Militants killed 25 Egypt police Monday in the deadliest attack of its kind in years, as the country struggles to deal with a crisis sparked by the ouster of president Mohammed Morsi.
Sources said militants fire rocket-propelled grenades at two buses carrying police in the Sinai Peninsula, just hours after Egypt's military chief vowed a "forceful" response to violence roiling the Arab world's most populous nation.
The attack raised fears of a return to the wave of deadly Islamist violence that swept Egypt in the 1990s.
It comes as the country struggles to put a lid on a deep political crisis and bloodshed that has left almost 800 people dead in days of clashes between Islamist protesters and security forces throughout Egypt.

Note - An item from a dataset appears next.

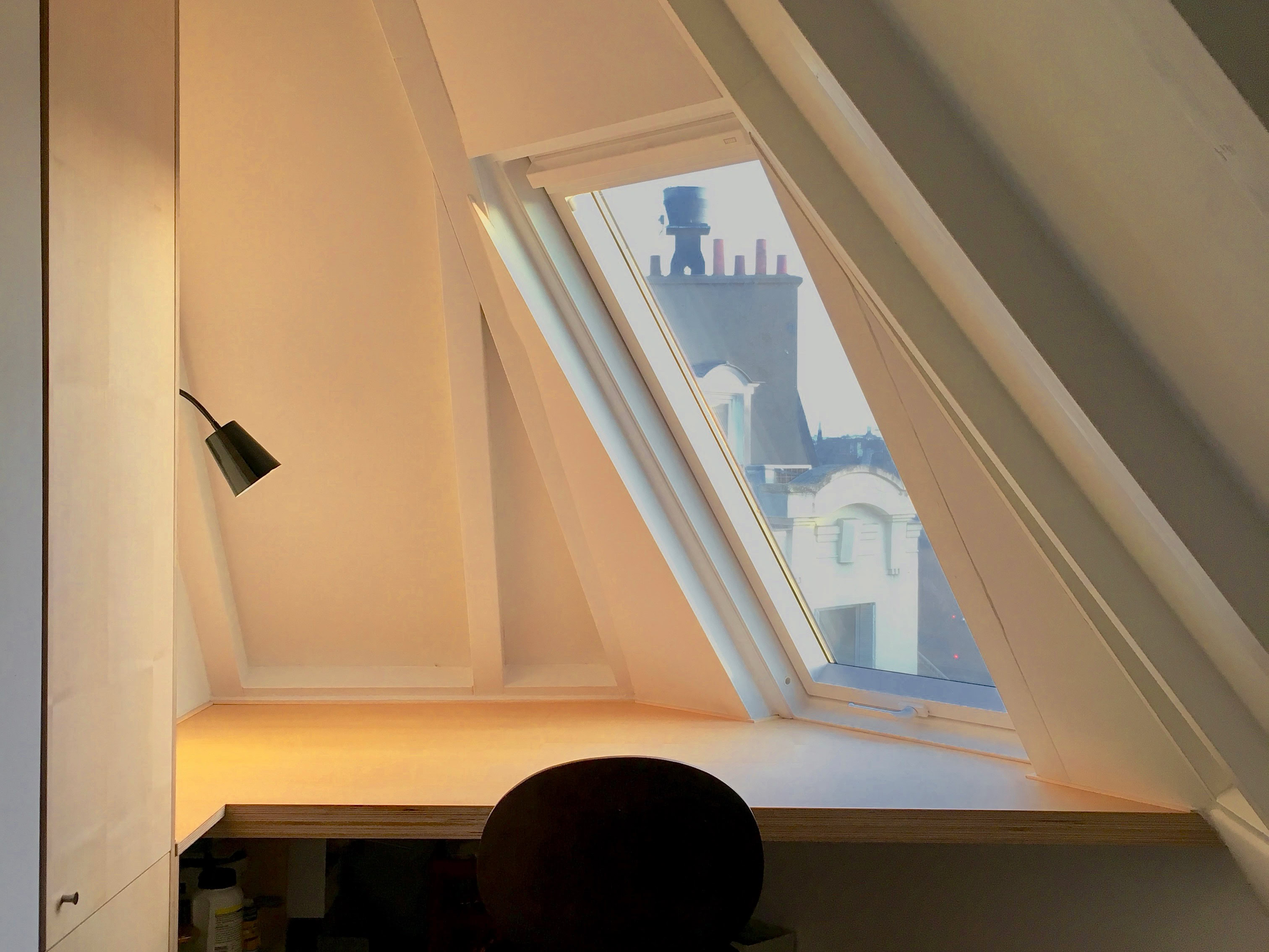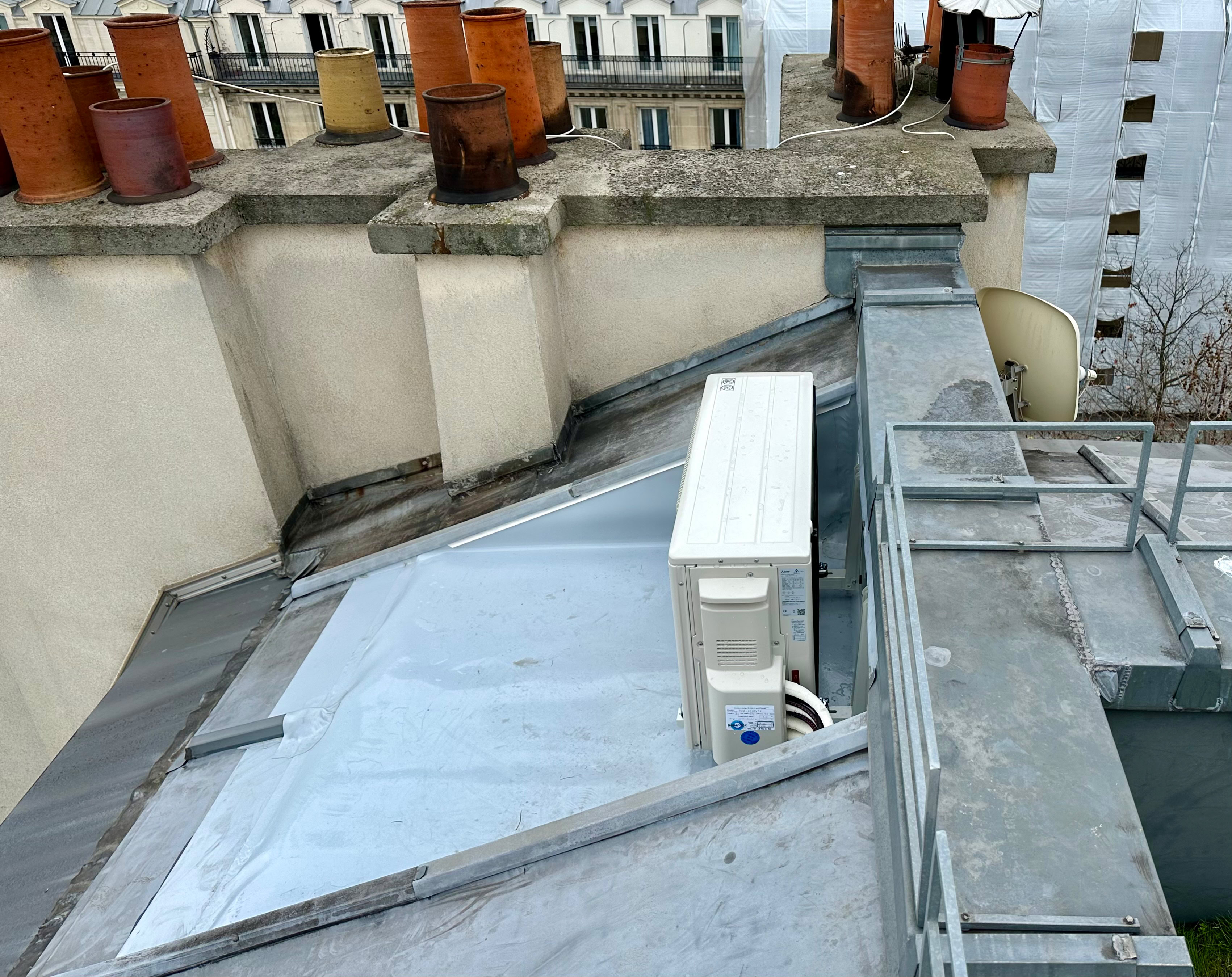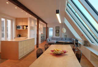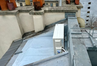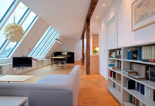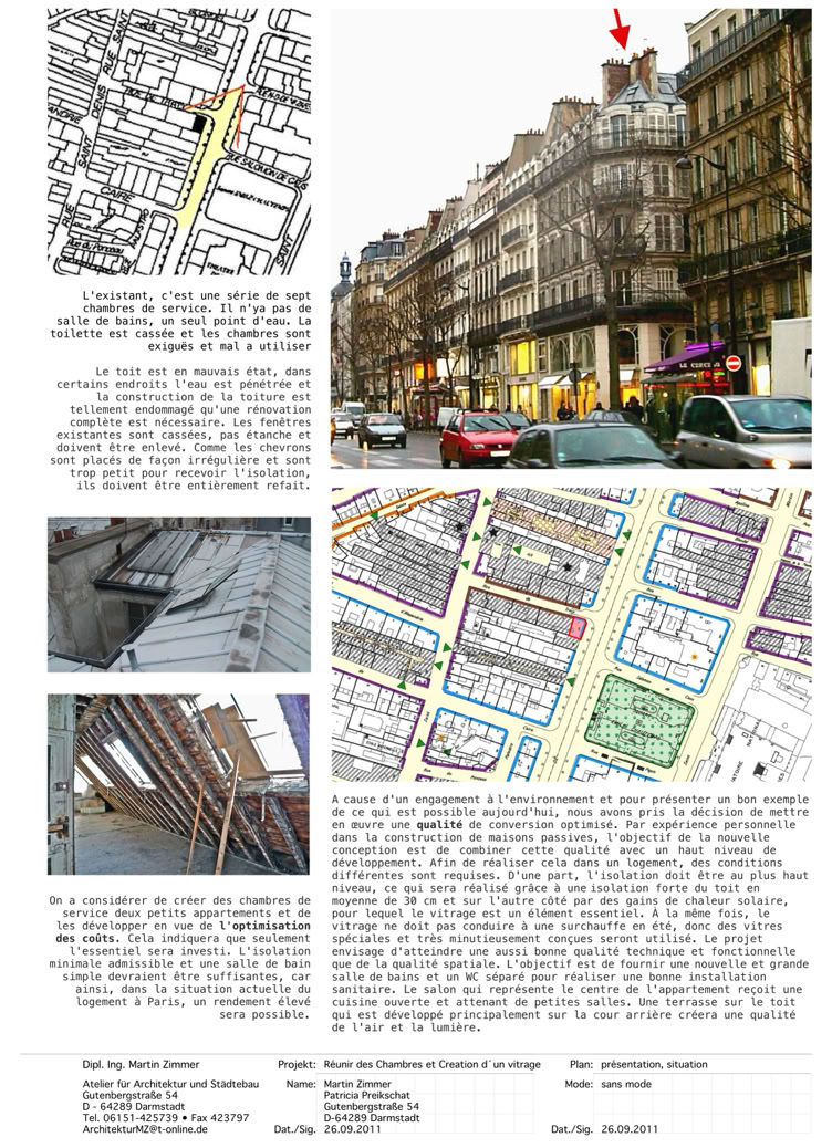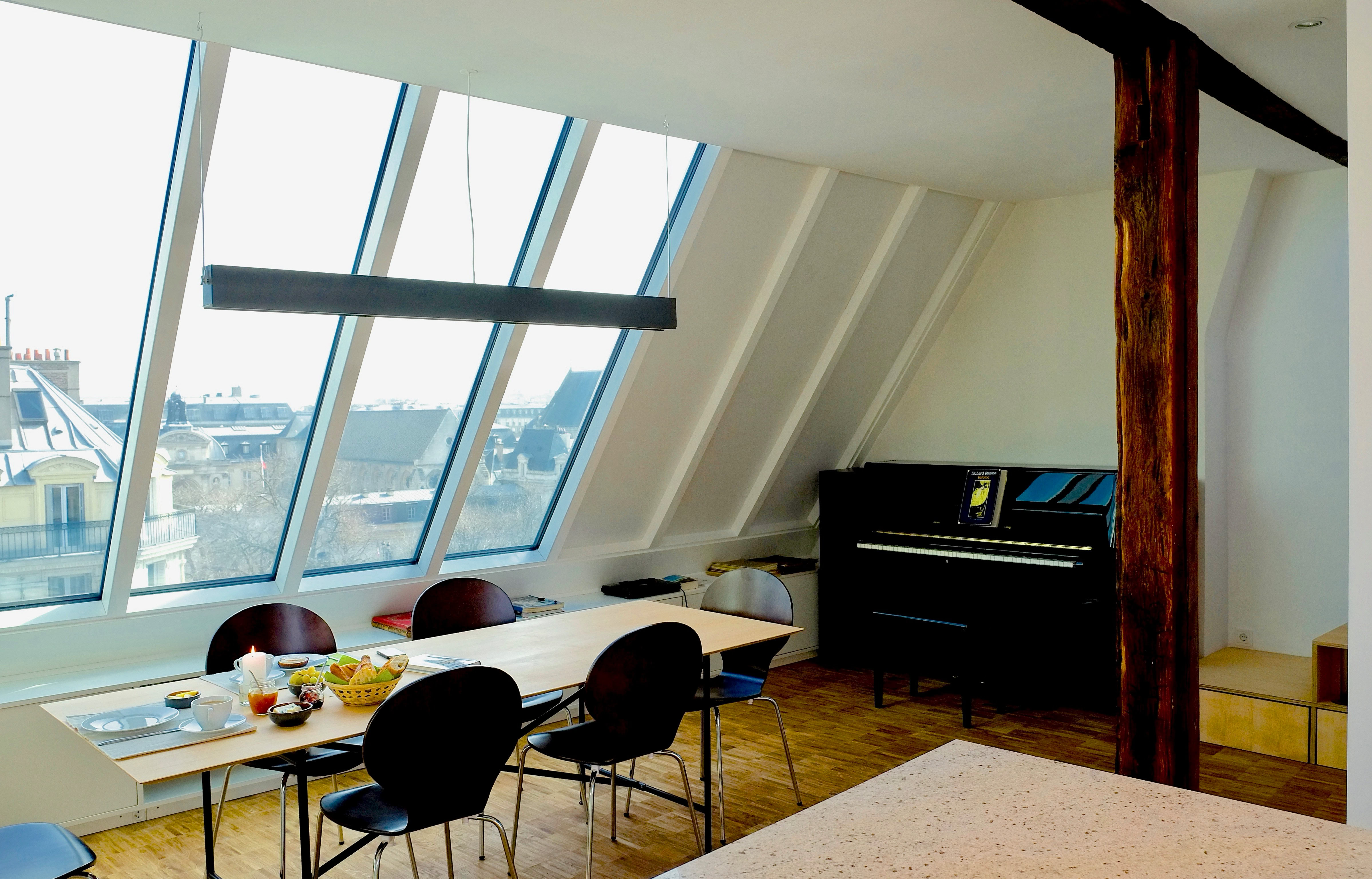Das Gebäude ist ein Original von 1895. Das Dach bestand vor dem Umbau aus einem Hausflur umgeben von sieben ehemaligen „chambres de service“, den jeder Wohnung zugeordneten Dienstmädchenzimmern. Nach vollständiger Entkernung entstand eine komplett neue geräumige Dachwohnung in modernster Passivhausbauweise.

Among those killed in the latest violence were 36 Islamist detainees who died in police custody overnight, with authorities saying they had suffocated on tear gas fired after they took a police officer hostage.
Morsi's supporters vowed new demonstrations on Monday, but a day earlier they had cancelled several marches citing security concerns.
The Sinai attack left at least two other policemen injured, with unknown militants firing on buses carrying police as they headed towards the town of Rafah on the border with the Palestinian Gaza Strip.
The interior ministry blamed the attacks on "armed terrorist groups," and a border official said shortly afterwards that the Rafah border crossing would be closed.
The security situation in the Sinai Peninsula has deteriorated sharply since the army ousted Morsi on July 3, with near daily attacks by militants targeting police and military installations.
Elsewhere in the country, bloodshed sparked by the August 14 security force crackdown on pro-Morsi protest camps showed little sign of abating.
Authorities said 36 Islamist detainees died after police fired tear gas in a bid to free a police officer taken hostage by prisoners.
But the Muslim Brotherhood, the once-banned movement from which Morsi hailed, held the police accountable.
"The murder of 35 detained anti-coup protestors affirms the intentional violence aimed at opponents of the coup, and the cold-blooded killing of which they are targets," it said in a statement in English.
The deaths of the detainees came hours after military chief Abdel Fattah al-Sisi warned that security forces would confront any violence from protesters.
"We will never be silent in the face of the destruction of the country," said Sisi, who overthrew Morsi on July 3 after protests against the Islamist president's rule.
"We are very prepared for this," he said, pledging a "forceful" response to further attacks on police stations and government buildings.
Morsi loyalists said they would hold new marches on Monday, but cancelled several a day earlier, citing fears of violence by security forces and vigilantes.
According to an AFP tally, more than 1,000 people have been killed since mass demonstrations against Morsi erupted at the end of June, among them a son of the Brotherhood's supreme guide who died on Friday.
The violence sparked by the August 14 crackdown has drawn international condemnation and EU leaders have warned the bloc will "urgently review" ties with Cairo in the coming days.
European ambassadors were recalled from their summer break for an emergency meeting in Brussels.
The European Union has pledged nearly five billion euros ($6.7 billion) in aid to Egypt but the bloc has cautioned this too was under "constant review" after Morsi's ouster.
French President Francois Hollande said after a meeting with the Saudi foreign minister: "It is unacceptable that there is violence of this level in a great country like Egypt."
The United States has announced the cancellation of its biannual military exercise with Egypt, and its embassy in Cairo was closed Sunday for security reasons.
The White House has stopped short of suspending $1.3 billion in annual aid, although some U.S. lawmakers called Sunday for the funds to be cut.
But the international response has not been uniformly critical. Both Saudi Arabia and Jordan have said they back Egypt in its fight against "terrorism".
In the 1990s, Egypt was hit by major attacks linked to Islamist groups such as Gamaa Islamiyya and the Islamic Jihad, with targets including government officials and security forces, Coptic Christians and the country's vital tourism industry.
One of the deadliest attacks took place in 1997 when militants struck the mortuary temple of Queen Hatshepsut in the tourist haven of Luxor, killing 58 holidaymakers.